---
name: jack-scroll-3d-sites
description: >
  Build or review scroll-driven 3D/video/frame-sequence websites where a product,
  object, or visual transforms as the user scrolls. Use for 3D scroll websites,
  scroll-linked canvas, video-on-scroll, frame extraction with FFmpeg, GSAP
  ScrollTrigger, Framer Motion useScroll, Three.js accents, Apple-style
  scrollytelling, or Jack Roberts inspired scroll-stop site builds.
---

# Jack Scroll 3D Sites

Use this skill to implement premium scroll-driven websites that scrub a video or image sequence as the user scrolls.

Source attribution: public-safe synthesis inspired by Jack Roberts' public teaching on 3D scroll-based websites. Credit Jack Roberts and link https://www.youtube.com/watch?v=TZUTe7s11-I when referencing the method publicly.

## Choose The Build Mode

- Existing project: match its framework, routing, styling, and deployment conventions.
- Portable demo: use single-page HTML/CSS/JS with a local server.
- Next.js/React: use Framer Motion or GSAP when the app already uses React or needs componentized pages.
- 3D accent: use Three.js only when there is a real 3D requirement; keep the primary 3D/canvas scene full-bleed or clearly integrated.

Use Context7 for current docs when using Next.js, GSAP, Framer Motion, Three.js, Vercel, or browser APIs.

## Asset Intake

Ask for or discover:

- video file or frame sequence
- brand name, logo, colors, fonts, CTA, and copy source
- intended pages and primary conversion
- whether this is a demo, production site, or client pitch

If the user has only prompts, route to `jack-scroll-asset-prompts` first.

## Frame Sequence Pattern

Use FFmpeg when a video must be scrubbed by scroll:

```bash
ffprobe -v quiet -print_format json -show_streams -show_format video.mp4
ffmpeg -i video.mp4 -vf "fps=12,scale=1920:-2" -q:v 2 public/sequence/frame_%04d.jpg
```

Tune frame count to the experience:

- 40 to 80 frames for lightweight demos.
- 80 to 150 frames for premium hero sections.
- Prefer compressed JPG/WebP over huge PNG sequences.
- Preload frames and show loading progress before revealing the section.

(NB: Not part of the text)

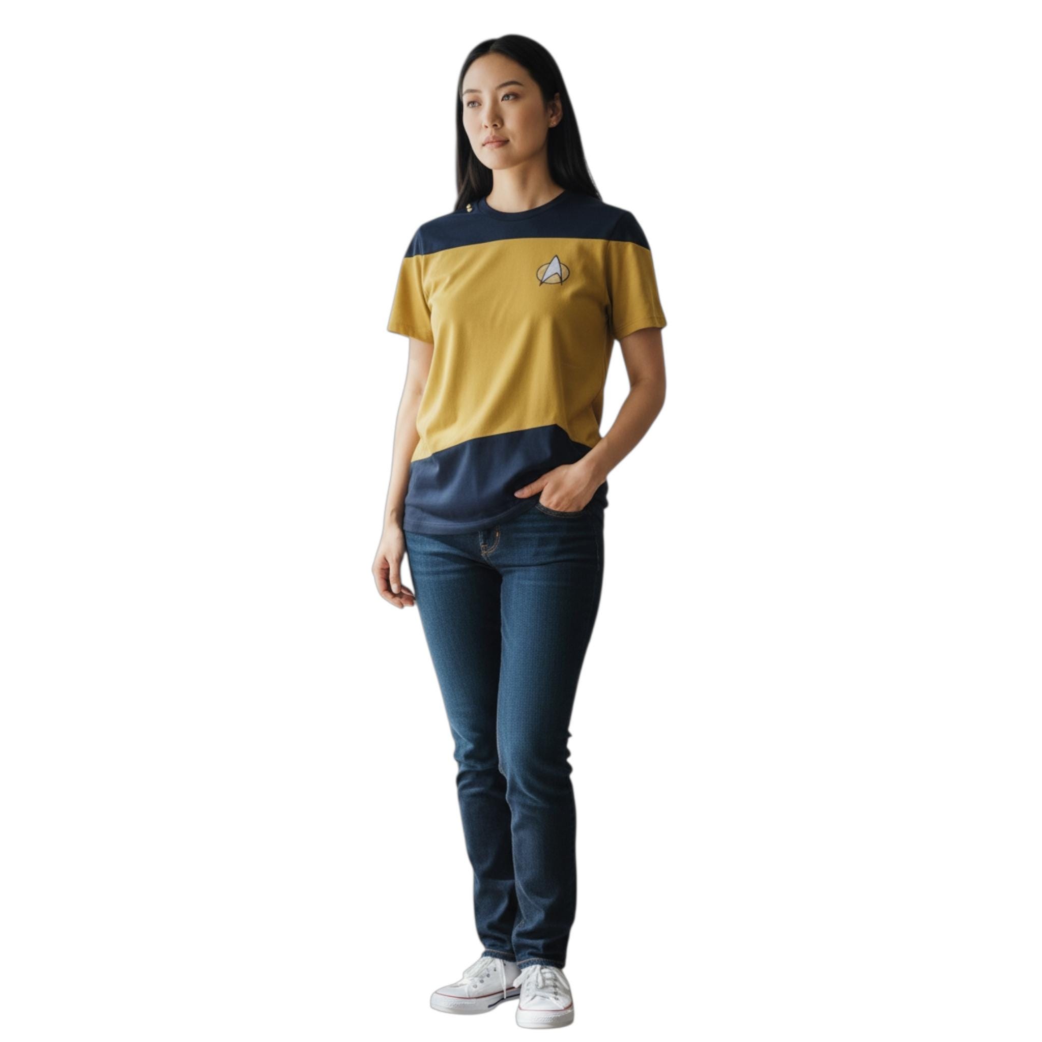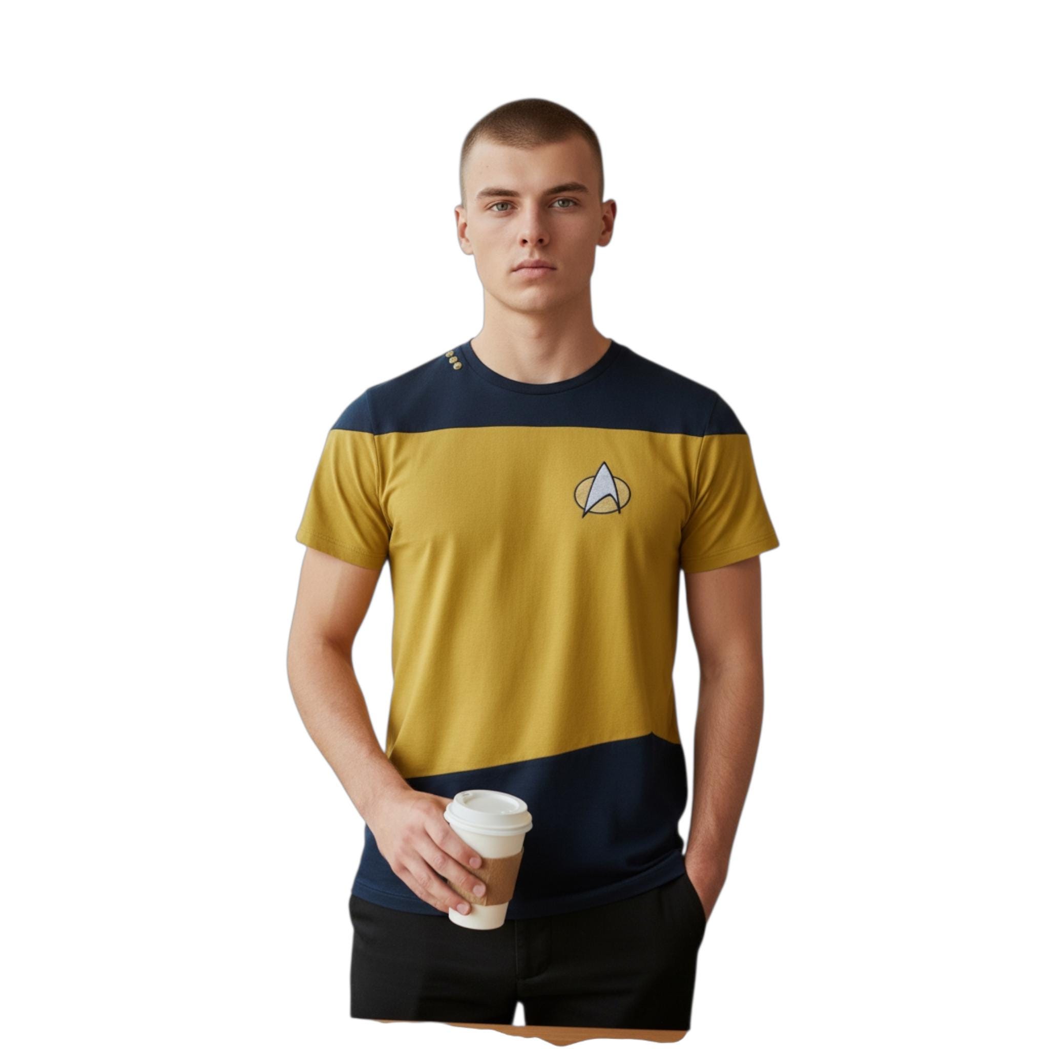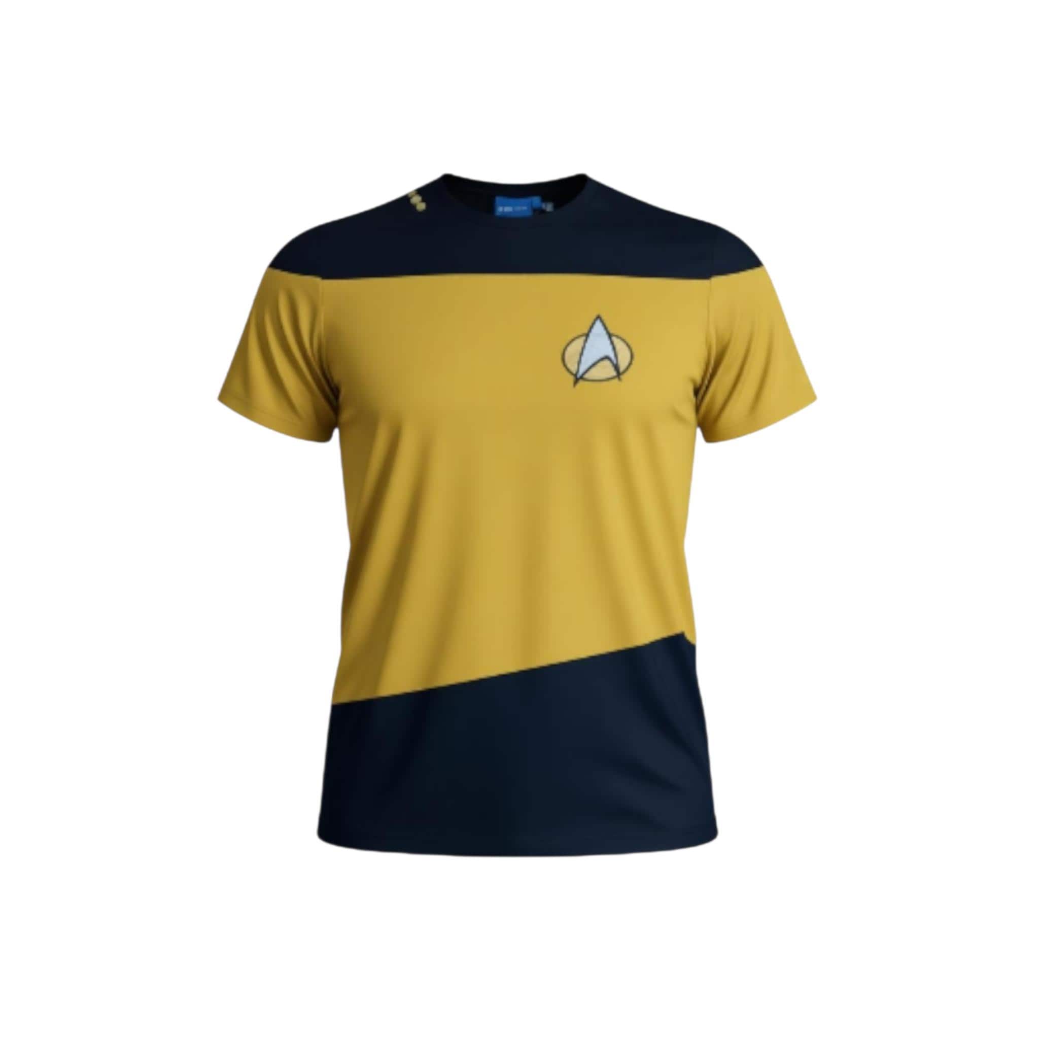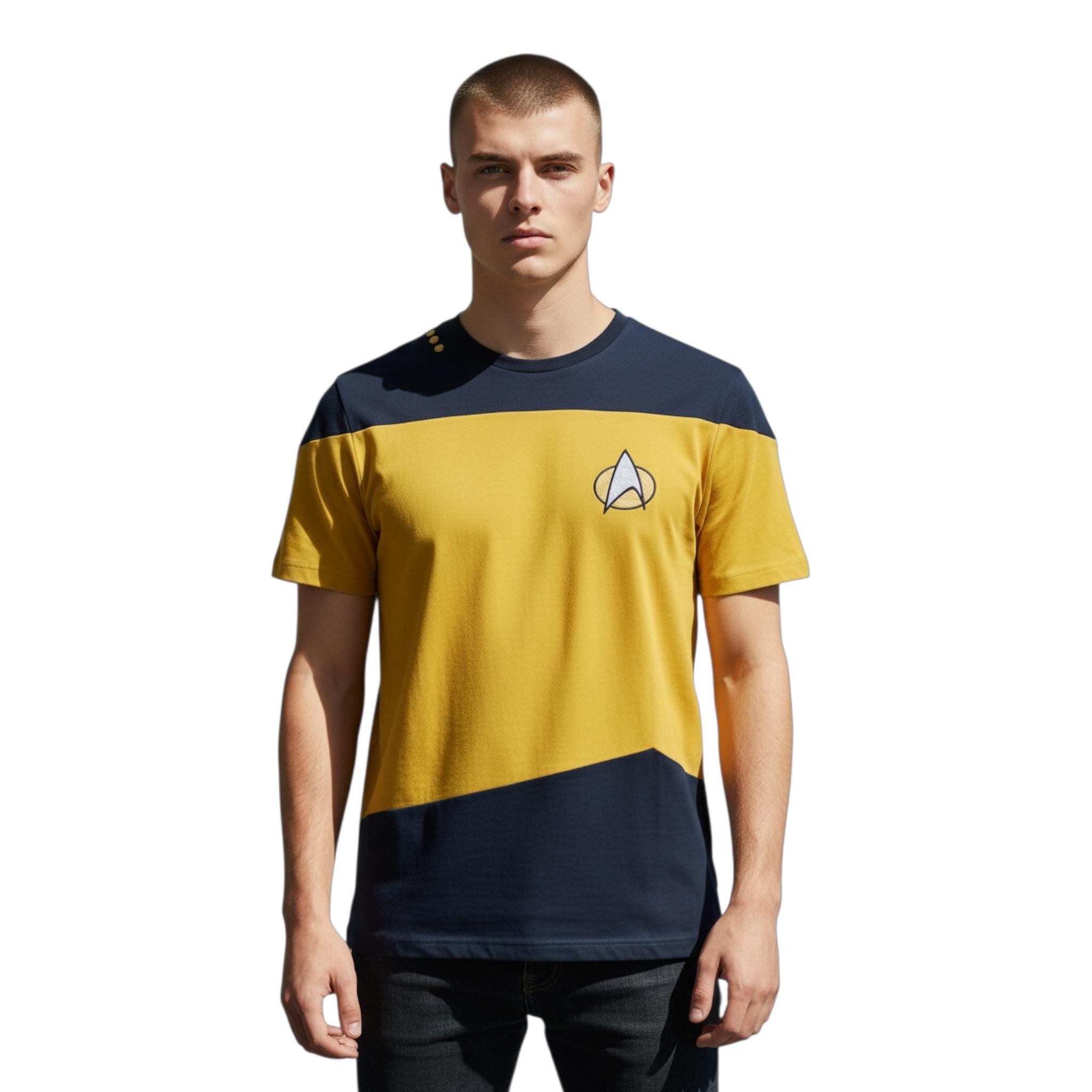 Bold, stylish, and perfect for every Trekkie — this Unisex Black & Yellow Star Trek Logo T-Shirt adds a sleek sci-fi touch to any outfit! Featuring the iconic Starfleet emblem against a striking two-tone black and blue design, this tee celebrates one of the most legendary franchises in TV and film history. Comfortable, versatile, and great for everyday wear or conventions.
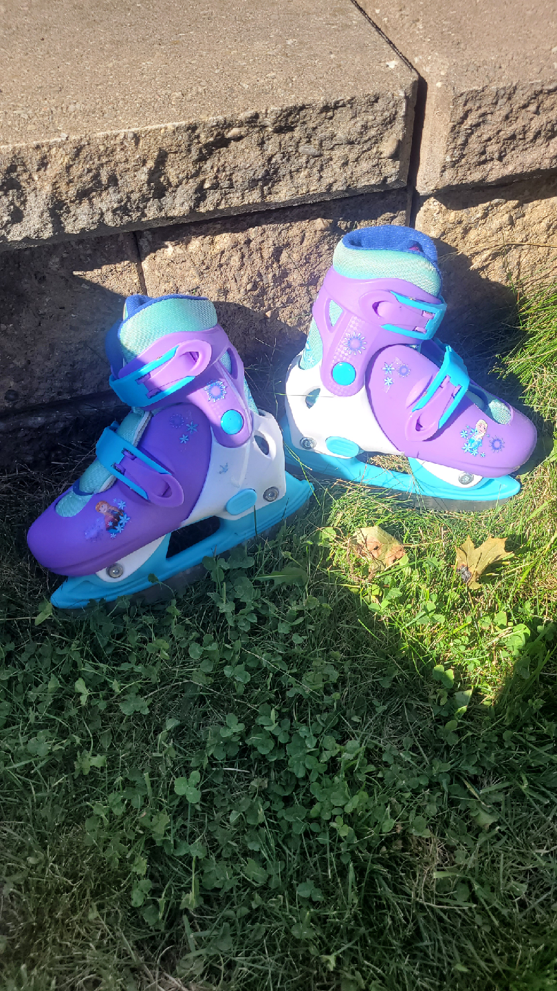 These Disney Frozen ice skates are perfect for little ones who love to skate! They feature a fun Frozen design with Anna and Elsa. They are in great condition and ready for the rink. Size is adjustable from 8 to 11 children's size.

## Scroll Implementation Rules

- Map scroll progress to frame index and draw with `requestAnimationFrame`.
- Only redraw when the frame index changes.
- Use `devicePixelRatio` aware canvas sizing for crisp rendering.
- Use cover fit on desktop when the subject remains visible; use contain or slightly zoomed contain on mobile when cropping would hide the asset.
- Avoid `scroll-behavior: smooth` on frame-accurate scrub sections.
- Keep scroll duration adjustable, commonly 250vh to 500vh.
- Use sticky canvas sections for the scrubbed visual and normal document flow around it.

## Motion And UX

- Add text beats sparingly. The asset is the hero; overlays should not block important object details.
- Use `emil-animation-polish` for overlay fades, buttons, nav transitions, and hover/press states.
- Use `fluid-animations` for snap points, scroll stops, gesture-controlled panels, or momentum-sensitive interactions.
- Respect `prefers-reduced-motion`: provide a still image, shorter fade, or non-scrubbed fallback.
- Keep mobile cards compact so text never overlaps the object or viewport controls.

## Production Checks

- Test desktop and mobile viewport screenshots.
- Verify no blank canvas, missing frames, flicker, text overlap, or huge layout shift.
- Confirm assets load from a local server, not `file://`, when browser security requires it.
- Check Lighthouse/performance basics and image sizes.
- Add meaningful alt text or adjacent accessible copy for visual content.
- Do not deploy or publish without explicit user approval.

## Routing

- Pair with `design-taste-frontend` for visual direction.
- Pair with `modern-web-guidance` for platform correctness and accessibility.
- Pair with `playwright-cli` for real-browser proof.
- Pair with `jack-seo-launch-audit` when pages are ready for SEO and launch review.